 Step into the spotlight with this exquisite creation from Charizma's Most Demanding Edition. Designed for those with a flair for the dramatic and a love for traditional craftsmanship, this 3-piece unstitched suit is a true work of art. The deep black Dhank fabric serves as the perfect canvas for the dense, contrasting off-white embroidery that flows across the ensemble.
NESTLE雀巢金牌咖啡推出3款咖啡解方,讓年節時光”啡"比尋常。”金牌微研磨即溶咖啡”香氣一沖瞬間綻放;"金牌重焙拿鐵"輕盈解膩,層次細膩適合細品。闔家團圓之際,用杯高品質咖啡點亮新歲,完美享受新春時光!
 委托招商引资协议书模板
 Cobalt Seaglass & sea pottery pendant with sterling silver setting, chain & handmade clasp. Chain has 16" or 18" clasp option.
--
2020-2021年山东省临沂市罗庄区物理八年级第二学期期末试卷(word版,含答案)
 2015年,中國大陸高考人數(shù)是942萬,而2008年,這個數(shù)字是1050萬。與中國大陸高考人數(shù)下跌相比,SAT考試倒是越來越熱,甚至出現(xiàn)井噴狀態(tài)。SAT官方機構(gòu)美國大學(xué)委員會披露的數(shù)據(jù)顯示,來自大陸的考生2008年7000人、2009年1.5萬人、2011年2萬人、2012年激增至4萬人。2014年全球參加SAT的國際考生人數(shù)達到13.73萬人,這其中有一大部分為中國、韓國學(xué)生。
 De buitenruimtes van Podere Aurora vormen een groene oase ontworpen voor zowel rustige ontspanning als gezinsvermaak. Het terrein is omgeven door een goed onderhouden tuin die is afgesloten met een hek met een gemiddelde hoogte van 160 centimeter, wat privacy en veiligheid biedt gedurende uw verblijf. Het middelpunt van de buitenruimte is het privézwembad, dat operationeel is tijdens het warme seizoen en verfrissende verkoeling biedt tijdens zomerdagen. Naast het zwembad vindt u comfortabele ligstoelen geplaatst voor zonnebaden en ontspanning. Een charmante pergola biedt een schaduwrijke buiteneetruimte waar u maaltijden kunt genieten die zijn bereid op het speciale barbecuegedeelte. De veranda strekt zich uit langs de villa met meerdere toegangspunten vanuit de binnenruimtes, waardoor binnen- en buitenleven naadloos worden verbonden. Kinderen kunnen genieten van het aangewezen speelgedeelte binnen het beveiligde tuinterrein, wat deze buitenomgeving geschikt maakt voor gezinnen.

• Work to be completed
Each line that mentions the string "with" must be copied from the listing.

• Answer section
 Step into the spotlight with this exquisite creation from Charizma's Most Demanding Edition. Designed for those with a flair for the dramatic and a love for traditional craftsmanship, this 3-piece unstitched suit is a true work of art. The deep black Dhank fabric serves as the perfect canvas for the dense, contrasting off-white embroidery that flows across the ensemble.
 Cobalt Seaglass & sea pottery pendant with sterling silver setting, chain & handmade clasp. Chain has 16" or 18" clasp option.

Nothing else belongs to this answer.